Washington Post: Mueller prosecutor says special counsel 'could have done more' in new book
A former top lawyer on special counsel Robert Mueller's team writes in a new book that the group "could have done more" to hold President Donald Trump accountable, according a forthcoming book obtained by The Washington Post.Posted — Updated
Prosecutor Andrew Weissmann -- who had spearheaded the prosecutions of former Ukrainian lobbyists and Trump campaign leaders Paul Manafort and Rick Gates -- writes in "Where Law Ends: Inside the Mueller Investigation," that he now wonders if the team had "given it our all," according to the Post.
"As proud as I am of the work our team did — the unprecedented number of people we indicted and convicted and in record speed for any similar investigation — I know the hard answer to that simple question: We could have done more," Weissmann writes, according to the Post.
CNN has not viewed a copy of the book. A representative for Mueller declined to comment.
According to Weissmann, the special counsel feared prompting outrage from the President, and as a result, "we still do not know if there are other financial ties between the President and either the Russian government or Russian oligarchs."

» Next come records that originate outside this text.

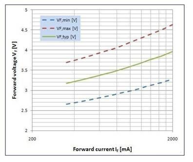 移動電話中閃光燈 LED 的高正向電壓和電流以及給定的電池電壓,讓升壓轉(zhuǎn)換器成為最佳的解決方案。驅(qū)動大電流時,基于電感的升壓轉(zhuǎn)換器呈現(xiàn)出令人滿意的效率。LED必須為電流驅(qū)動,因為正向電壓不僅僅隨溫度而變化,而且也有其自身的差異。正向電壓的這種變化源自于其生產(chǎn)過程,其變化范圍為 ±20%,請參見圖 1。
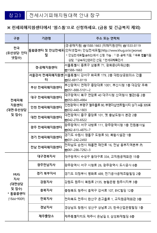 □ 전세사기로 어려움을 겪고 있는 임차인은 거주지 관할 시・도에 피해자 결정 신청을 할 수 있고, 위원회 의결을 거쳐 피해자로 결정된 자는 주택도시보증공사(HUG) 전세피해지원센터(대면・유선) 및 지사(대면)를 통해 지원대책에 대한 자세한 안내를 받을 수 있다.(☞ 세부내용 참고자료 첨부)
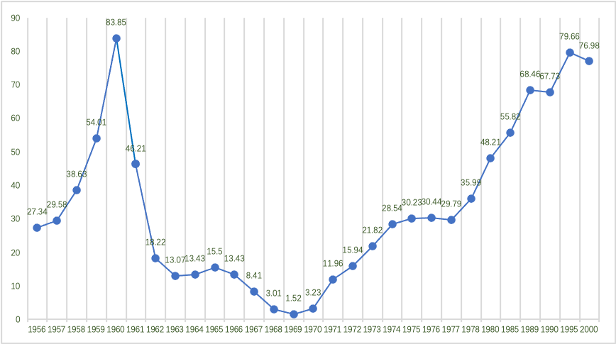 1956-2000年全国中等师范学校在校学生人数统计图(单位:万人) 数据来源:申国昌等著:《中国师范教育发展史》,北京:科学出版社,2021年,第226-227、256页。
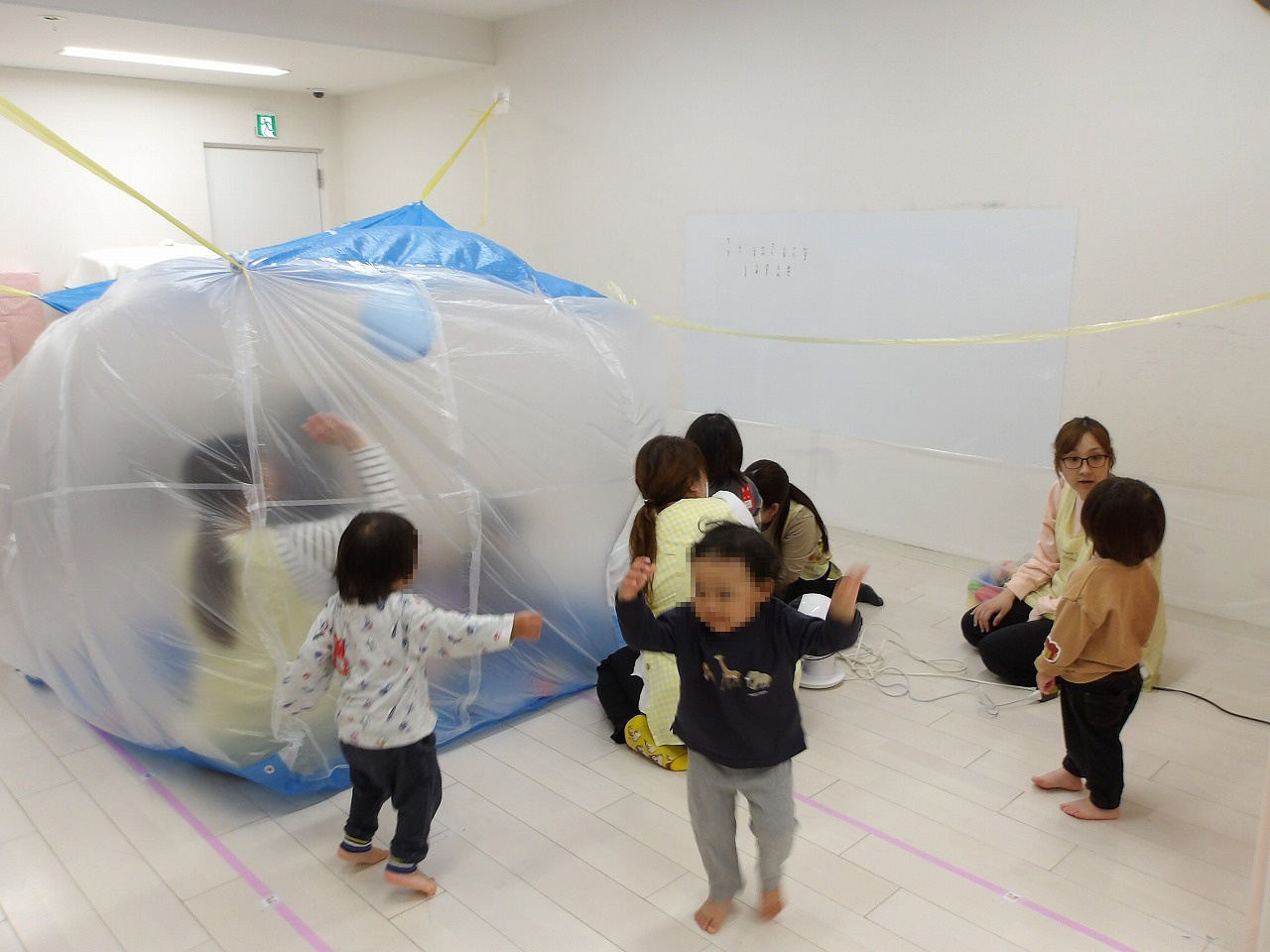 今週もたくさん体を動かしたかして遊んだ子ども達、雨の日は先生がビニールハウスを作ってくれました(^-^)。
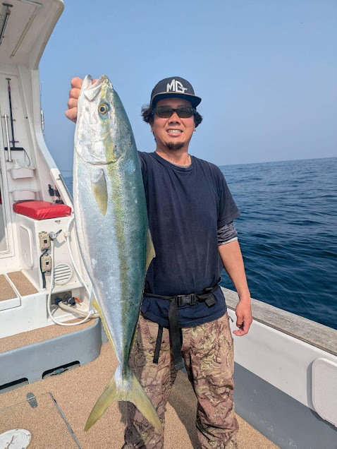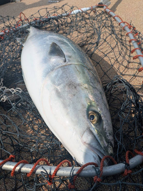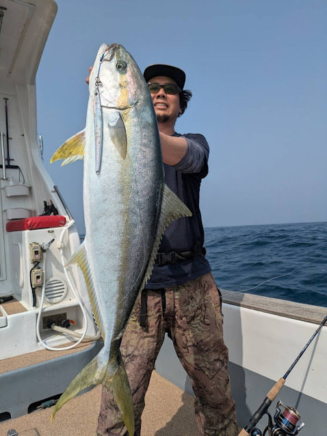 魚探の反応は良い感じながらトップに魚が出てこないので、ジギングへシフトするとヒット!レギュラーサイズながら何とかヒラマサをキャッチ。そしてラストポイント。キャストでやっとバイトがありましたがヤズ。やっと魚が浮いてきた?と思いましたが後が続かないのでジギングへシフト。すると水深60mくらいで50mほどシャクリ上げたところでヒット。ヒットしたことを気づいてないのか何の抵抗もないまま上がってきたのは12キロのブリ。渋い中、今回はこの魚に満足して終了。魚はいるけど喰わせきらない春の洗礼を受けた釣行でした。
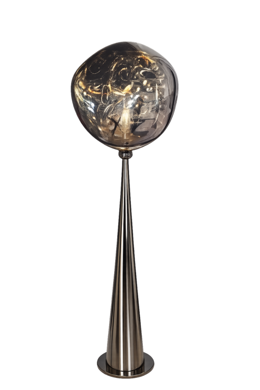 這款落地燈用「鏡面煙灰玻璃球罩」把光線變得更柔、更有層次;搭配鏡面金屬錐形燈身,整體像雕塑一樣乾淨俐落。放在客廳或店面角落,不用多裝飾就能拉出空間質感;開燈是氛圍燈,關燈也像藝術品一樣耐看。

"We do not know whether he paid bribes to foreign officials to secure favorable treatment for his business interests, a potential violation of the Foreign Corrupt Practices Act that would provide leverage against the President," the books states, according to the Post. "We do not know if he had other Russian business deals in the works at the time he was running for president, how they might have aided or constrained his campaign, or even if they are continuing to influence his presidency."
During the investigation, Weissmann had secured both Gates' and Manafort's convictions and cooperation -- but Manafort lied to the grand jury and Mueller's team, leaving major questions still answered about why he shared American polling numbers with a Russian intelligence-connected associate working in Eastern Europe.
The Mueller investigation didn't charge any Americans with conspiracy in Russia's attempts to help Trump in 2016. But it also couldn't get to all evidence it sought, such as what Manafort knew or deleted text messages between key Trump officials.
Mueller also never subpoenaed Trump for testimony, instead accepting written answers that raised even more questions for the Mueller team. After documenting several episodes in which Trump attempted to end the investigation prematurely, Mueller declined to decide whether to charge him with obstruction of justice. Attorney General William Barr and other Justice Department leaders chose not to indict the President.
Weissmann took issue with Mueller's choice to not reach a conclusion on charging Trump, telling the Post in an interview, "I would have done it."
"I told him why I would have done that," he said.